Note that's there's no need for the ROM to be only 32K. Historically, a VGA ROM was indeed 32K, but the majority of cards on the market today have a larger ROM. Linux 2.6 will tell you in /proc/iomem:
$ grep -i video /proc/iomem 000a0000-000bffff : Video RAM area 000c0000-000cafff : Video ROM
(2.4 always shows 32K -- it just hardcodes that)
Since we already have to invent something to do text mode and less than 32 bpp in Protected Mode, VBE should be pretty easy to add even in ROM (the specs explicitly mention implementing it as TSR too).
A "TSR" as a term only makes sense for DOS though. Certainly for Linux, you do not want (or can, really, without some gross stuff like limiting the memory linux sees and loading a driver into the hidden bit from your bootloader) load a memory resident driver before the OS. It's going to want to be in ROM.
A problem may be that if we want to be _really_ VGA compatible, then the ROM will already be full.

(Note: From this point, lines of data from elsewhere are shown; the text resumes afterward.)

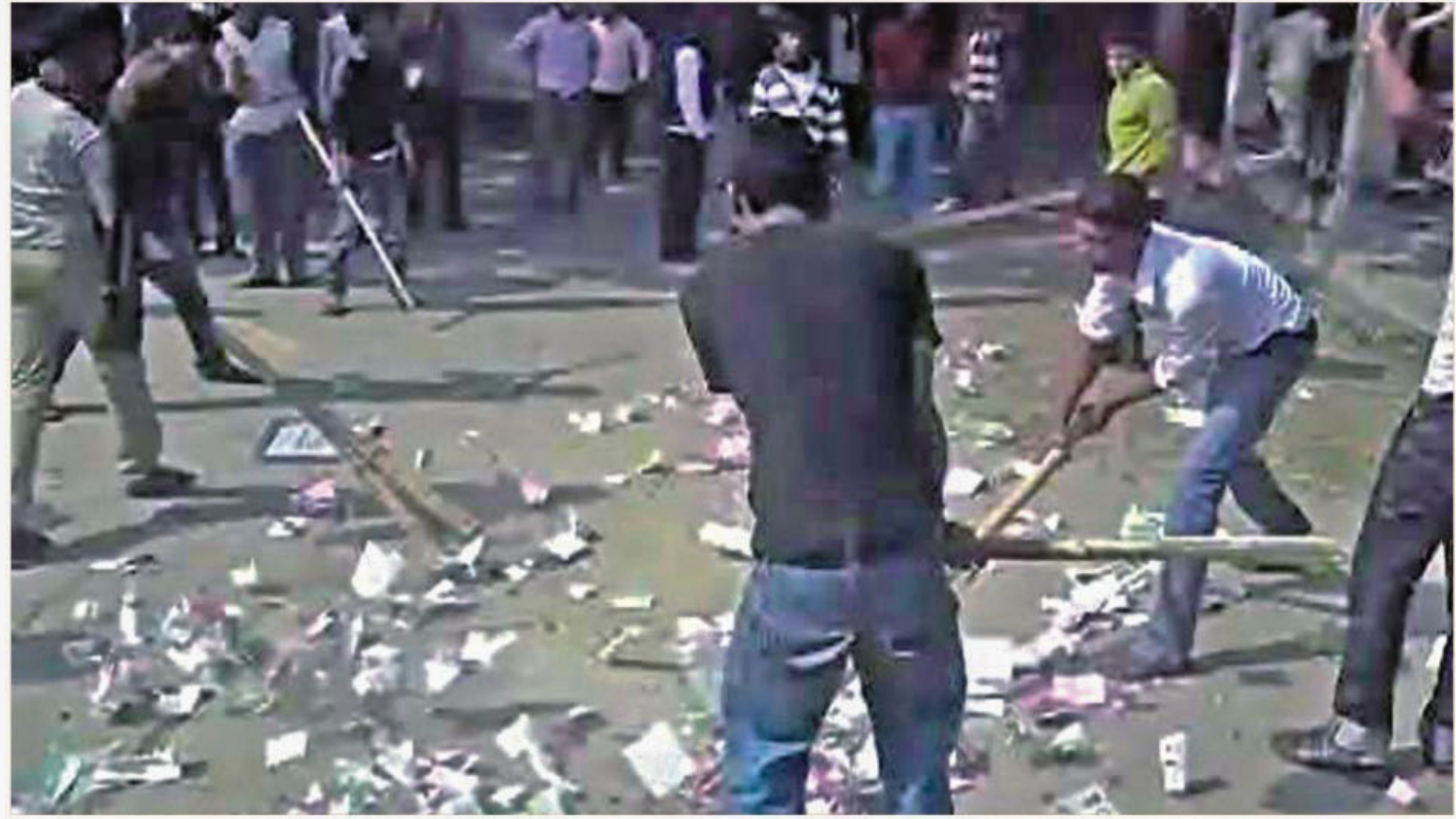
A group of youths, reportedly all Awami League supporters, destroy ballot papers after snatching from Noakhali Primary School polling station during the municipal elections yesterday.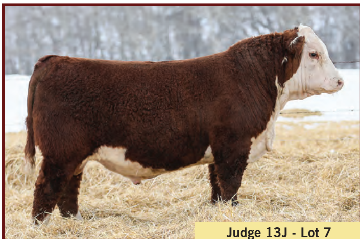
Judge 13J - Lot 7

Here is a nice moderate birth weight Royal son with some extra pigment, lots of power and maternal strength in this pedigree.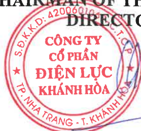
Nguyen Cao Ky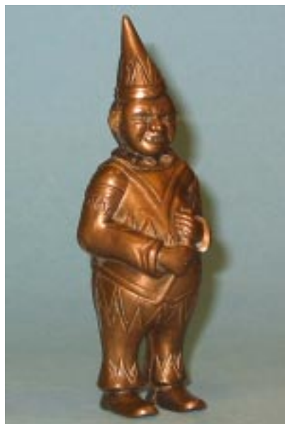
Photo 1. Brass working pattern for a "Clown" bank similar to M-211.

In his seminar Bill Robison explained that after a working pattern was cast it was "perfected," meaning that it was touched up to repair defects and sharpen details. Where necessary to fill voids, solder was applied and shaped. Photos 1 to 3 show a working pattern for a "Clown" bank similar to M-211. 2 In Photo 2 a repair to the side of the right leg is apparent and in Photo 3 repairs to the hat, ear, and neck can be seen.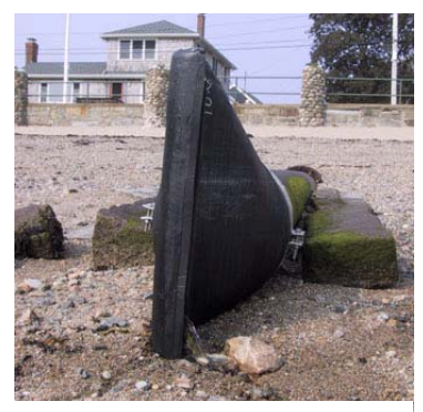
#620 – Juniper Beach, Salem

In 2006, the Juniper Beach outfall (#620) started off the sampling season with the same record high numbers as in the past (16,740 CFU/100mL). But after the Salem DPW cleaned the pipe and installed a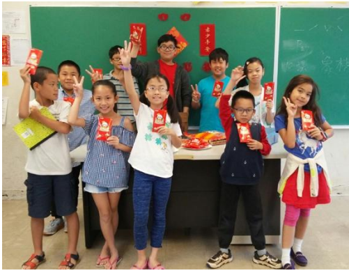
CNY traditional laisee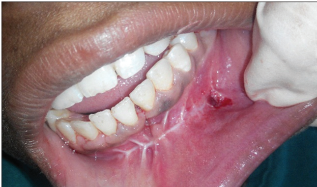
Figure 2: Complete excision of lesion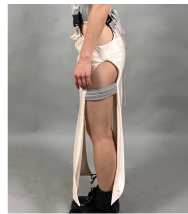
Figure 3. Side view of the underskirt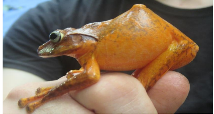
Solomon Island giant tree frog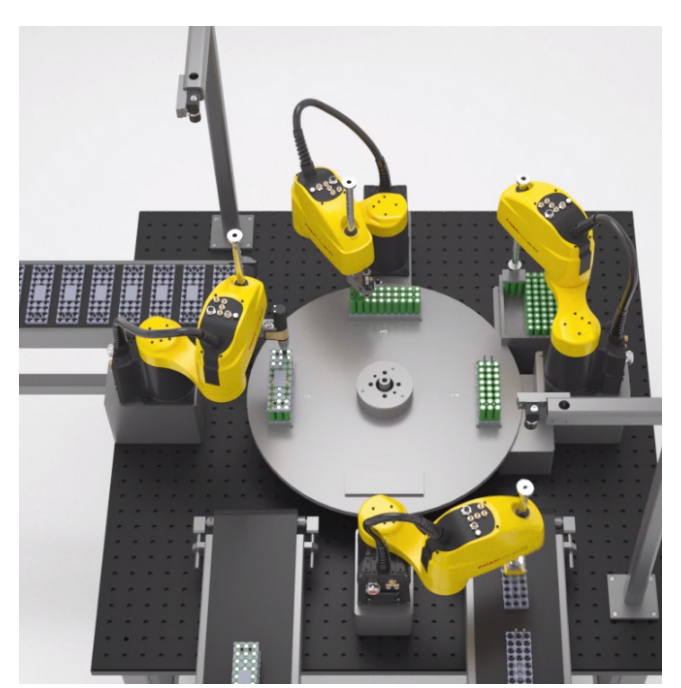
SR-3iA SCARA Robots assembling battery packs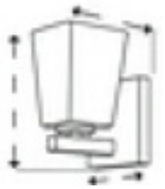
Image File Name: P5044-077.jpg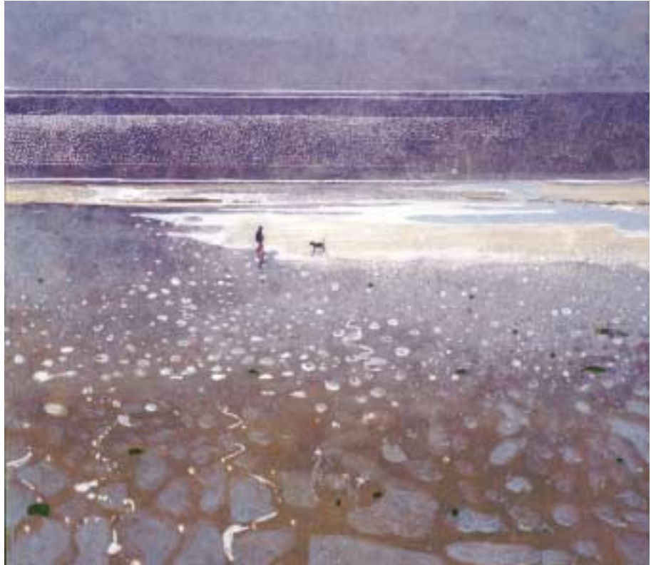
'The Roseland Peninsula' (122 X 112 cm) Medium: Egg Tempera and Watercolour

Exhibition dates Wednesday 25th July – Saturday August 25th.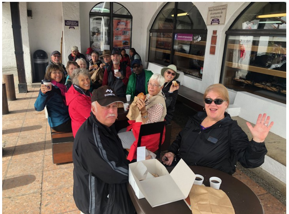
Chapter 8 members always rally around good travel, good food, and good company.

It is wonderful to have a good mixture of seasoned attendees and of newbies. As part of our mission statement is "introducing new people to travelling in Mexico" it takes both, the teacher and the student. Once again, I am just so honored by the beautiful people and their willingness to work together to make a Rolling Rally worth remembering!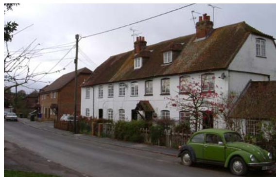
COLT HILL. ALBERT COTTAGES

Roof form is a key feature. Most buildings in the parish have pitched roofs, with the ridge parallel to the highway, although many are half-hipped and some are hipped. Some are broken by dormer windows, which tend to be relatively small and few.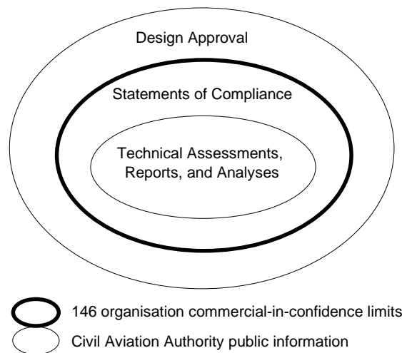
Figure 1. Proprietary Information

Any submission to the CAA for approval is treated in a similar manner and the approval itself is the only document generally available.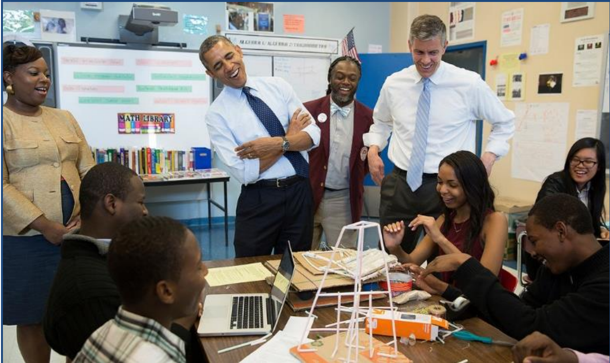
President Obama and U.S. Department of Education Secretary Duncan with students at the Technology Early College High School (P-TECH) in Brooklyn, New York, October 25, 2013.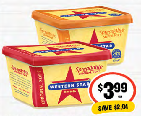
Western Star Spreadable 500g 80¢ per 100g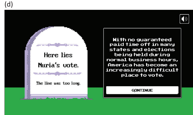
Figure 4. Screenshots from The Voter Suppression Trail.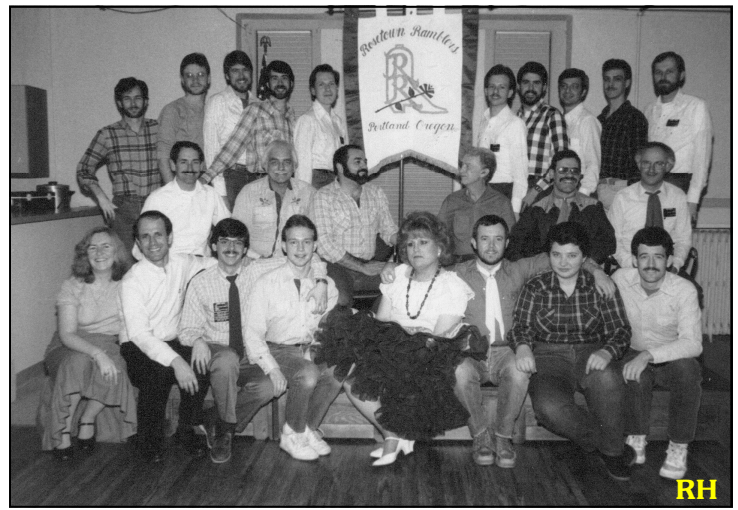
Ramblers - 1987

In the fall of 2013 the Rosetown Ramblers will celebrate 30 years of learning, dancing and enjoying “friendship set to music.” In that time hundreds of dancers have come and gone, and there’s always an empty spot for more.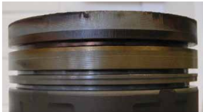
MWM TCG 2016 piston at end of Approval Test (9,644 hours) showing minimal deposit formation

While a number of OEMs recommend operating their engines with a minimum 83% to 100% load, customers often de-rate their engines below these recommendations to as low as 50%. Operating at these levels can cause inadequate cylinder pressures and interferes with the engine's ability to provide a full, continuous flow of oil to sufficiently lubricate critical engine parts. This also may allow oil to leak past the piston rings into the combustion chamber, which can cause deposits. HDAX ® 9200 Low Ash Gas Engine Oil contains robust additive chemistry that helps minimize deposits.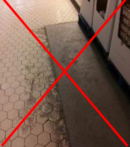
Even, suitable substrate made of poured screed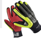
Rig Dog (MPCT2000)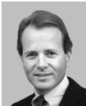
David Dreier of San Dimas (28th District) Republican—9th term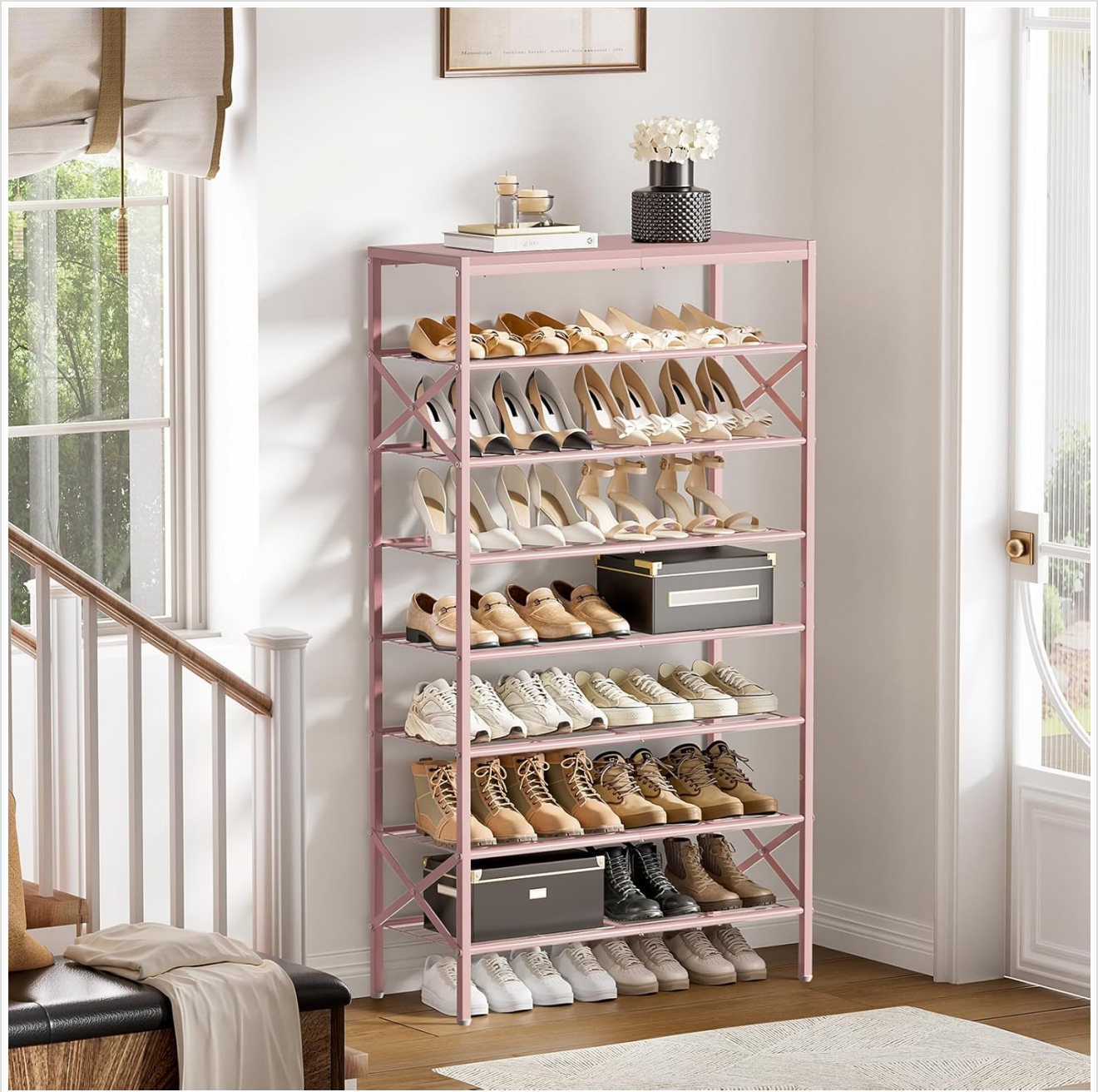
Figure 5: The shoe rack integrated into an entryway, demonstrating its practical use.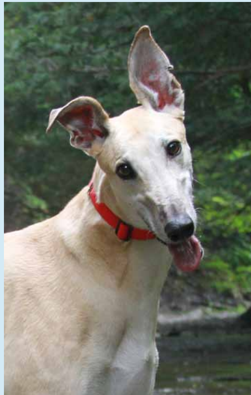
Number 100: Ruffian seems to enjoy his adoptive home.

As I said, difficult to sum up, but in any venture I suppose it's good to take inventory sometimes. To me, what is most important is that we have always been a force for good for the welfare of greyhounds in general, in our organization and elsewhere. Our beginnings as a support organization continue to serve us well, as our ripples of influence reach well beyond our geographical boundaries. A large number of greyhounds have found homes through other organizations because of the work of our volunteers in transporting, fundraising or networking, and we can be proud that our contributions have meant so much to so many.

64K (or even 32K) is not all that tiny, certainly not when it is going to be in assembly language which is the most natural fit for a PC BIOS anyway. Bochs, Plex86 and Qemu use:
http://savannah.nongnu.org/projects/vgabios
which is probably a good start.
VBE/AF defines a low-level 2D hardware abstraction layer, which is supposed to be implemented as a portable 32 bit x86 binary driver. Interesting things are only that filling of trapezoids with flat top and bottom is a possible primitive, and a specification about storing the driver on the card's ROM is supposedly in the works. The list of primitives is also a nice check-list for 2D things we should accelerate.
OT: A cool thing I found in the VBE spec is support for 3D liquid crystal shutter glasses. We can have it for free because we already have generic I/O pins :) Does anybody know how those glasses are controlled (pinout, voltage)?
I'd very much advice to keep gunk like that out. It may have been cool back when we were playing Duke Nukem in DOS, but these days, at runtime only X has called into my VGA BIOS for some hardware information (which this card would provide directly, not via a real-mode BIOS) in quite some time.
vesafb you'll probably want to be able to run, but not doing anything special either, since this card will have its own fb driver. vesafb is VBE 2.0.